Desembargador Federal URBANO LEAL BERQUÓ NETO
Relator

PROCESSO: 1000157-20.2021.4.01.3309 PROCESSO REFERÊNCIA: 1000157-20.2021.4.01.3309
CLASSE: APELAÇÃO CÍVEL (198)
POLO ATIVO: INSTITUTO NACIONAL DO SEGURO SOCIAL - INSS
POLO PASSIVO:MARIA DE LOURDES CARDOSO
REPRESENTANTES POLO PASSIVO: LARISSA XAVIER VIEIRA - BA58083-A e GESSICA TEIXEIRA DA ROCHA - BA58148-A
E M E N T A
PREVIDENCIÁRIO E PROCESSUAL CIVIL. MANDADO DE SEGURANÇA. REMESSA NECESSÁRIA E APELAÇÃO. RAZÕES DISSOCIADAS DOS FUNDAMENTOS DA SENTENÇA. AFRONTA AO PRINCÍPIO DA DIALETICIDADE. NÃO CONHECIMENTO DO APELO. SUSPENSÃO DE BENEFÍCIO. COMUNICADO DE EXIGÊNCIA. DIFICULDADES PARA OBTENÇÃO DE DOCUMENTO DURANTE PANDEMIA. MANUTENÇÃO DA PENSÃO POR MORTE ATÉ COMPLETA ATUALIZAÇÃO CADASTRAL. PRINCÍPIO DA RAZOABILIDADE. SENTENÇA MANTIDA. REMESSA NÃO PROVIDA.

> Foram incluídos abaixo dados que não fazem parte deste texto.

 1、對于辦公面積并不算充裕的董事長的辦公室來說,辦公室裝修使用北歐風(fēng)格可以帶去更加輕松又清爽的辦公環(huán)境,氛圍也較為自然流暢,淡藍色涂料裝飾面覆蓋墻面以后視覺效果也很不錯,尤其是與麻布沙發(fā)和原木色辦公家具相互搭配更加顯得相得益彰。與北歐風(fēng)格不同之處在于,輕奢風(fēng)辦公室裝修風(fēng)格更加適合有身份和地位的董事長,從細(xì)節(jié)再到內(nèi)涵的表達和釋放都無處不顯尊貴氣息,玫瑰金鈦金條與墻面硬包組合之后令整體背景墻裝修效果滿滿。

1. Insurge-se o apelante contra sentença determinou à autoridade coatora que se abstenha de suspender o benefício de pensão por morte da impetrante, mantendo-o até que seja possível completar a atualização cadastral exigida pela autarquia previdenciária.

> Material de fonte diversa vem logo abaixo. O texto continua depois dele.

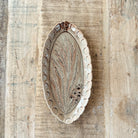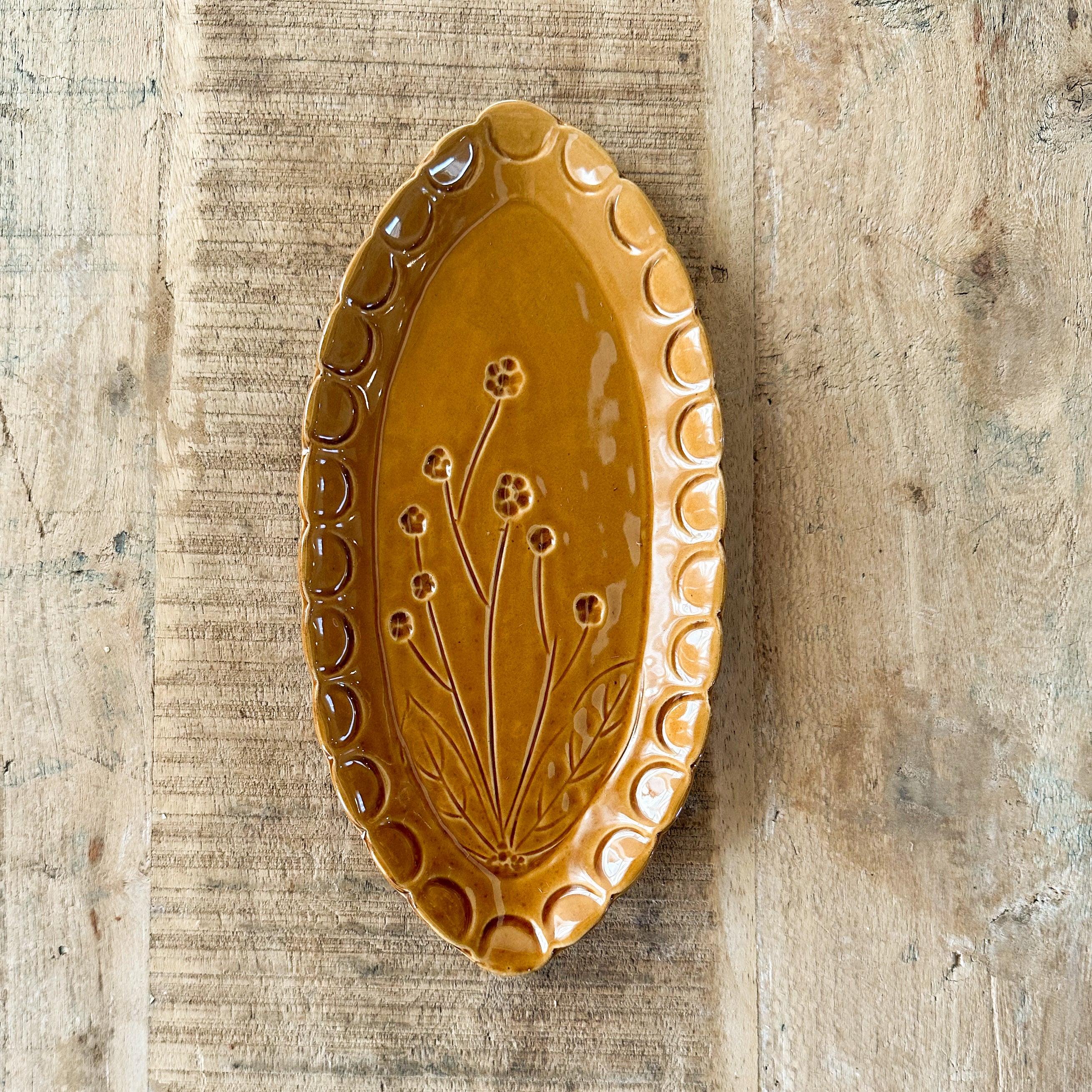The Autumn Ruffle Oval Dish comes in four colors and can be used for serving or as a decorative piece. Its simple design fits well in any setting.

2. O apelo está em total dissonância com o teor do julgado, já que o INSS alega a impossibilidade de imposição de prazo para avaliação de requerimento administrativo de concessão de benefício previdenciário pela autarquia.
3. A apelação devolverá ao egrégio Tribunal o conhecimento da matéria impugnada, nos termos do art. 1.013 do Código de Processo Civil. No entanto, não deve ser conhecida se suas razões estão dissociadas do conteúdo da sentença recorrida.
4. No caso dos autos, há clara violação ao princípio da dialeticidade, segundo o qual cabe ao recorrente impugnar as razões lançadas na decisão atacada, buscando demonstrar a existência de error in procedendo ou in judicando.
5. No tocante à remessa necessária, embora caiba à autarquia previdenciária verificar a regularidade da manutenção de benefício, conforme art. 69 da Lei 8.213/1991, viola o princípio da razoabilidade a imposição da exigência em tempo exíguo, durante a pandemia da COVID-19, ainda mais em se tratando de beneficiária idosa, que teria que diligenciar em diversos órgãos públicos para obtenção de segunda via de documentos de pessoa já falecida, apresentados à época do deferimento do benefício, em 1980, de modo que deve ser o benefício mantido até que seja possível viabilizar a documentação, quando da retomada das atividades presenciais.
6. Apelação do INSS não conhecida. Remessa necessária não provida.
A C Ó R D Ã O
Decide a Nona Turma do Tribunal Regional Federal da Primeira Região, por unanimidade, NÃO CONHECER da apelação do INSS e NEGAR PROVIMENTO à remessa necessária, nos termos do voto do Relator.